Reported by Rebecca Marie-Taylor.
Bestselling novel The First Phone Call from Heaven, published last November by Harper and written by Mitch Albom, has been acquired by Warner Bros. Although Albom has been quite successful as a writer, this is his first feature deal, and was brokered by CAA and The David Black Agency. Denise DiNovi and Alison Greenspan will produce the film, with Chantal Nong and Cate Adams overseeing for Warner Bros.
The novel centers on a small town in Michigan, where people start getting strange calls from voices saying they’re calling from heaven. There are mixed reactions to the calls: fear, love, religious affirmations, etc. But one widowed father decides to investigate the calls; to find out whether it’s all a hoax, or if the calls really are from the afterlife.
Although Albom rose on a career as a sports columnist for the Detroit Free Press, he’s been a successful novelist, penning Tuesdays With Morrie and The Five People You Meet in Heaven, both bestsellers and both spiritually inclined.

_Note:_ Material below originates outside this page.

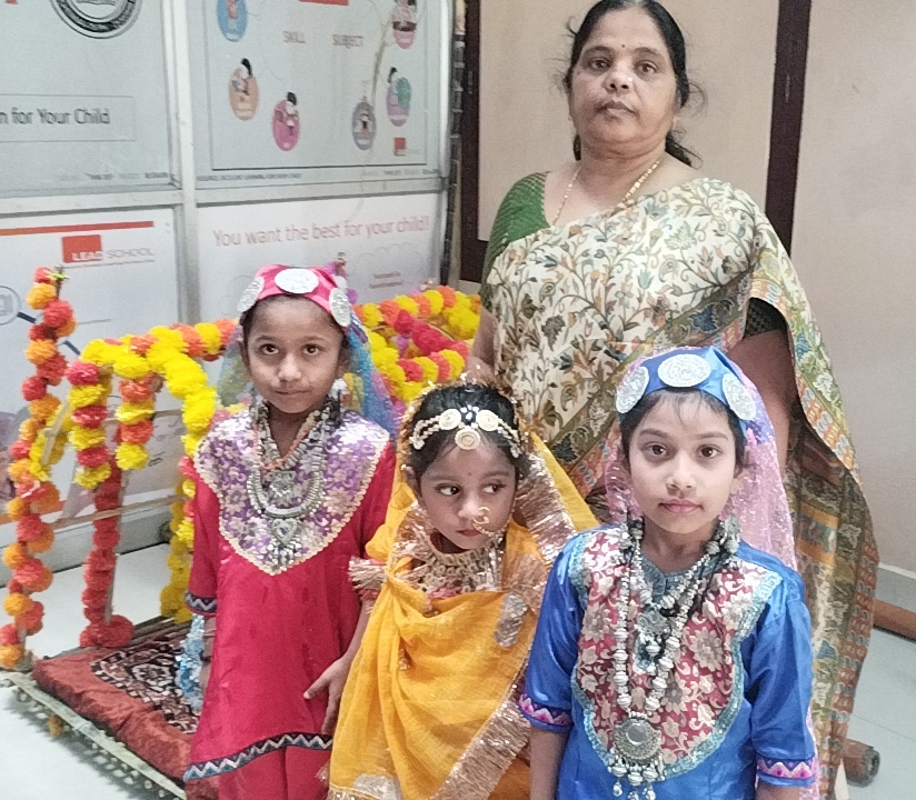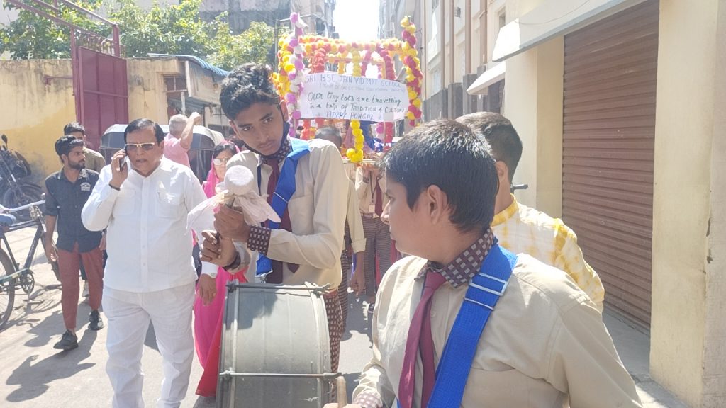 வர்ணங்கள் பூசப்பட்ட அழகான மாட்டு வண்டி மற்றும் மலர்களால் அலங்கரிக்கப்பட்டிருந்த பல்லக்குகளில் மாணவச் செல்வங்கள் அமர வைக்கப்பட்டு வீதிகளில் ஊர்வலமாக அழைத்து செல்பட்டனர்.

Several other studios have been getting into projects that take a look at spiritual issues, to varying degrees. Paramount has been fighting the media backlash over upcoming biblical epic Noah. Sony Pictures and Summit Entertainment have taken on less polarising pictures, with Randall Wallace’s Heaven is for Real and the adaptation of William Paul Young’s novel The Shack, respectively. This trend in films that raise existential questions show that studios are paying attention to how well these books are doing, and catching on to certain audiences’ need to believe in something larger than life.